Vitamin D Deficiency Negatively Affects Responses in Chronic Myeloid Leukemia Patients Treated with Tyrosine Kinase Inhibitors

Background: Chronic myeloid leukemia (CML) is a myeloproliferative neoplasm harboring the hallmark BCR::ABL1 fusion gene, which is targeted by tyrosine kinase inhibitors (TKIs). In addition to its role in calcium homeostasis, vitamin D has immune-modulating effects. Several small studies have found lower vitamin D levels in CML patients with inadequate responses to TKIs. However, the prevalence of vitamin D deficiency and its impact on CML patients remain underexplored.

Objective: To evaluate the impact of vitamin D status on treatment outcomes in CML patients.

Methods: We conducted a cross-sectional study from September 2023 to July 2024 at the Outpatient Hematology Clinic, Faculty of Medicine, Chiang Mai University. Patients with chronic phase CML who had been receiving any TKIs for at least 1 year post-diagnosis were eligible. The key exclusion criterion was a history of receiving vitamin D supplements. Serum 25-hydroxyvitamin D [25(OH)D] levels were measured at the time of enrollment. Demographic data and response rates of CML were retrospectively collected. Outcomes measured included the prevalence of vitamin D deficiency in CML patients and the major molecular response (MMR) rate at any time between the normal and deficient vitamin D groups. Vitamin D deficiency was defined as serum 25(OH)D below 20 ng/ml. TKI failure was determined according to the European LeukemiaNet 2013 response criteria. Multivariable logistic regression analysis was performed using factors with p-values less than 0.10 from univariable analyses to assess the effect of vitamin D deficiency on the MMR rate.

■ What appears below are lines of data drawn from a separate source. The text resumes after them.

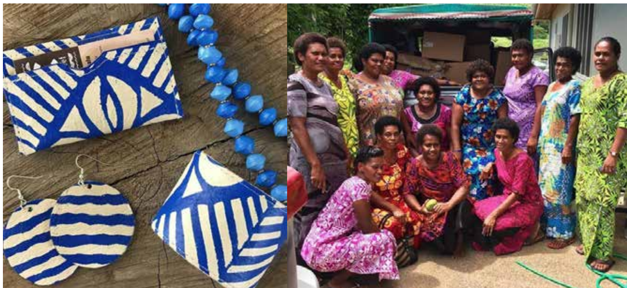
Rise Beyond the Reef products and staff 9

These motivational differences mean that the two businesses may make very different strategic decisions. For instance, if the demand for construction material changes so that crushing glass for construction products is no longer viable, Business A may consider repurposing recycled glass into other products, but Business B may decide to stop recycling and crushing glass, and look for other options to employ labourers. In this example, Business A is mainly a green business, while Business B is a social enterprise.
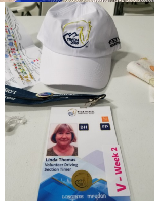
My Volunteer Credentials
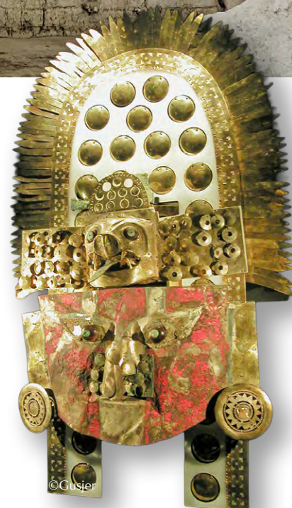
Funerary mask of the Lord of Sicán, Sicán Museum

Transfer to Lima's Jorge Chávez International Airport (LIM) for flights homeward or join the group flight to Cusco for the post-tour extension. (B)
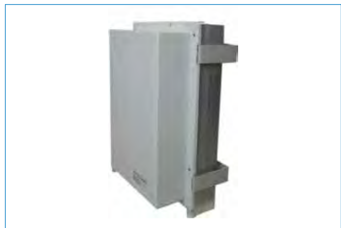
Remote-end: Outdoor | Figure 4
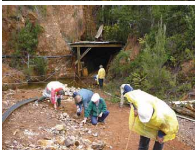
Entrance to the Adelaide Mine, with field trippers scrounging for crocoite
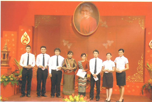
International student live broadcasting at NBT, Chiang Mai to celebrate the 10th anniversary of MFU, September 21, 2008
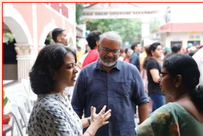
Parent's Interaction with the Principal about School initiatives
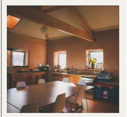
Straw bale Kitchen only

Results: A total of 124 chronic phase CML patients were enrolled. The prevalence of vitamin D deficiency among CML patients was 16.1%. Age, sex, comorbidities, and the EUTOS long-term survival (ELTS) score were not significantly different between the vitamin D-deficient and non-deficient groups. The TKI failure rate was comparable between groups (25.0% vs 22.1%, p=0.778). The distribution of TKIs used was 74.4% imatinib, 19.0% nilotinib, and 6.6% dasatinib. The duration of TKI treatment was similar between the deficient and non-deficient groups (mean±SD, 11.1±6.4 vs 11.3±5.5 years, p=0.904). CML patients with vitamin D deficiency had a lower rate of MMR at any time compared to patients in the non-deficient group (75.0% vs 93.2%, p=0.018). Univariable analyses showed that lower age (odds ratio [OR], 0.96; 95% confidence interval [CI], 0.93-1.01; p=0.080), history of TKI failure or intolerance (OR, 0.20; 95% CI, 0.05-0.70; p=0.012), and vitamin D deficiency (OR, 0.21; 95% CI, 0.06-0.77; p=0.018) were associated with a lower rate of MMR. Further multivariable analysis revealed that vitamin D deficiency and a history of TKI failure or intolerance were significantly associated with a lower MMR rate (adjusted OR, 0.23; 95% CI, 0.06-0.95; p=0.042 and AOR, 0.18; 95% CI, 0.05-0.68; p=0.012, respectively).

Conclusion: The prevalence of vitamin D deficiency in CML patients was 16.1%. Notably, vitamin D deficiency was significantly associated with a lower MMR rate in CML patients treated with TKIs. Our findings suggest that deficient vitamin D levels could negatively affect molecular responses in chronic phase CML patients.